Joanna has not expressly wronged anyone in the town, and all they have done to her is ignore her. However, Faulkner immediately makes it known to the reader that Joanna’s grandfather and brother were murdered 60 years ago right in the town square. Their killer was a former enslaver who wanted them dead because they supported Black voting rights. Joanna and the townspeople see each other as the “descendants” of this violent clash, and they struggle to have a relationship directly with one another instead of with one another’s historical baggage. Even in the absence of outright violence toward one another, their interactions are always attended by “the phantom of the old spilled blood and the old horror and anger and fear.” When characters and readers alike step into Faulkner’s Yoknapatawpha County, they step into an atmosphere where violence, horror, anger, and fear have all built up over decades.
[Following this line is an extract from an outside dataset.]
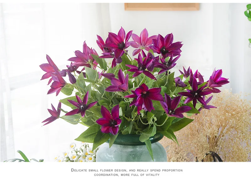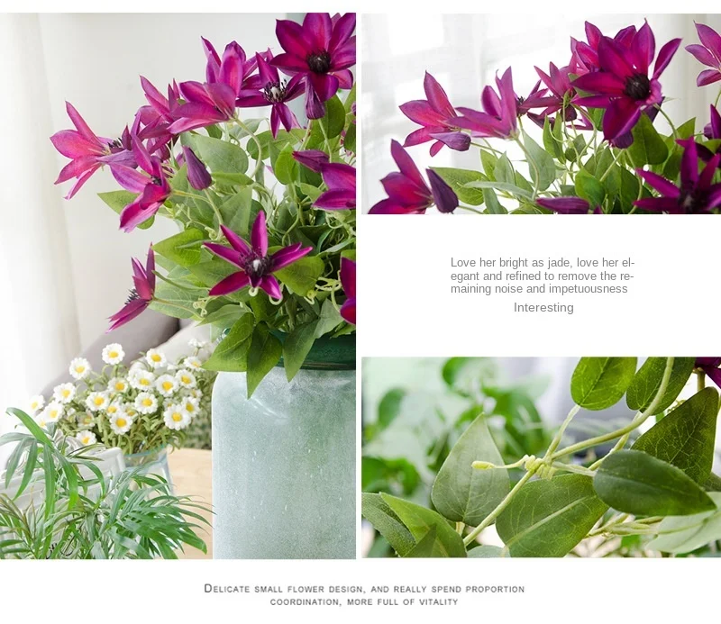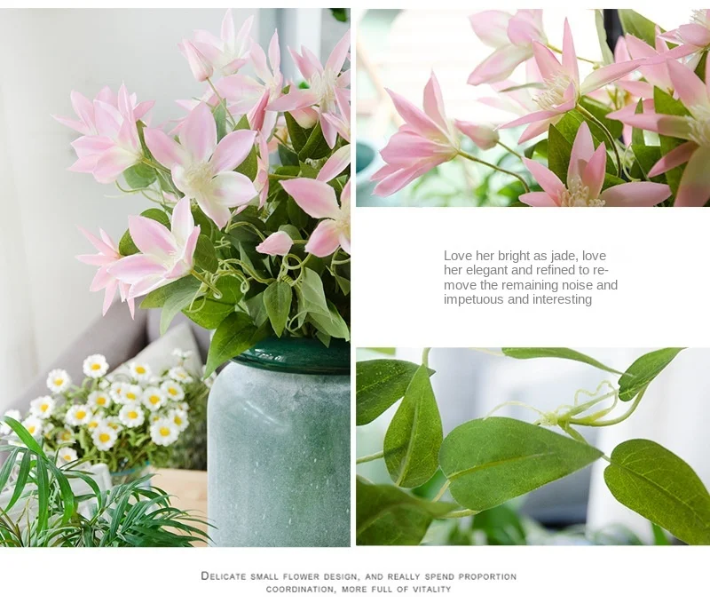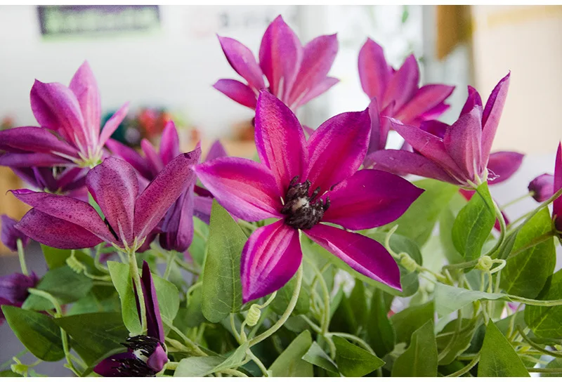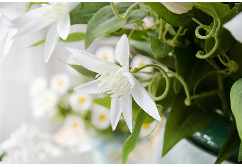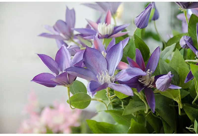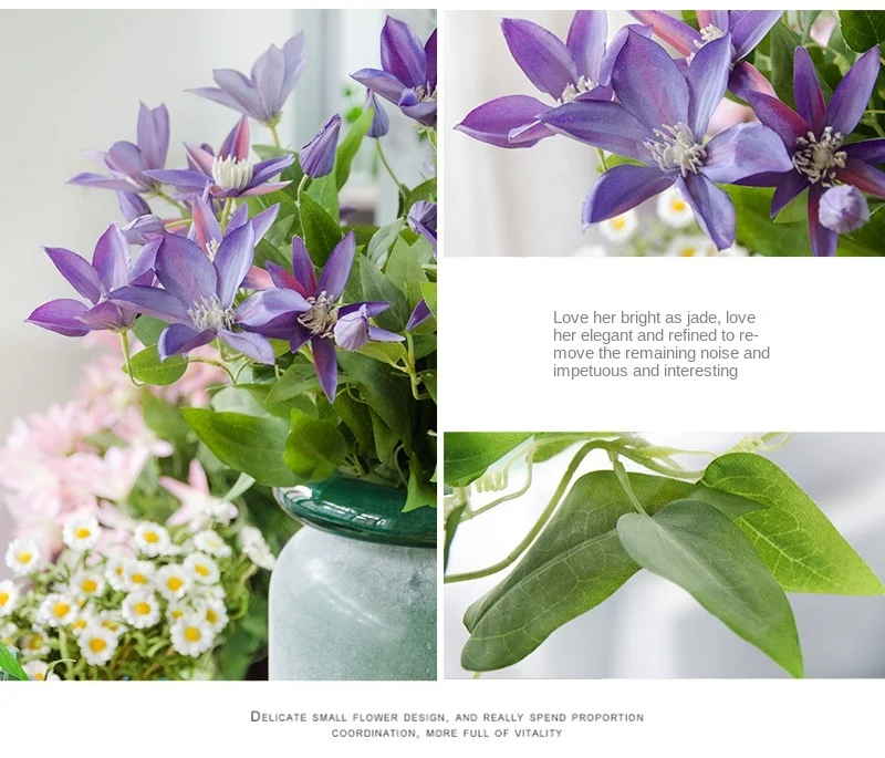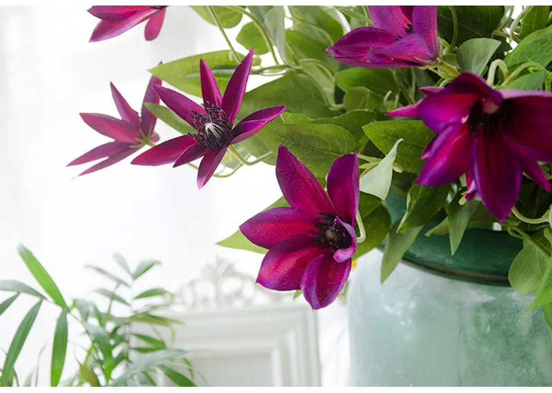 69 см длинные искусственные цветы, разноцветные трехсторонние Клематисы, домашнее украшение, садовые зеленые растения, орнамент

The dark, oppressive, and even defeatist mood helps Faulkner make a point about history, memory, and Southern culture. Faulkner paints an image of a South that has never and will never resolve the wrongs committed during and prior to the Civil War. The former enslaver who kills Joanna’s grandfather and brother belongs to a group of White Southerners who, long after the Civil War, still see White supremacy as the cornerstone of Southern culture. He has already lost his battle to preserve the institution of slavery, but the fight over Black voting rights just a few decades later is an echo of that same battle. Joanna’s family, on the other hand, are immigrants tracing their roots to Europe, the Northern United States, and Mexico. Joanna’s family holds “foreign” ideas that threaten White supremacy. The passage above, and the mood throughout the novel, plunge the reader into frustration and hopelessness that this cultural clash will ever stop haunting the South.
The greatest hope Faulkner offers is in trying to understand this dynamic and laugh at the foolishness of some people who perpetuate it. For instance, Faulkner invites the reader to laugh at everyone’s intense paranoia over Christmas’s ancestry when it is not even clear whether he is Black or not. What matters is not his actual racial background, but rather the story people tell about him and about race in general. Humor turns back to frustration when the reader understands that the characters will never be able to see how foolish they are.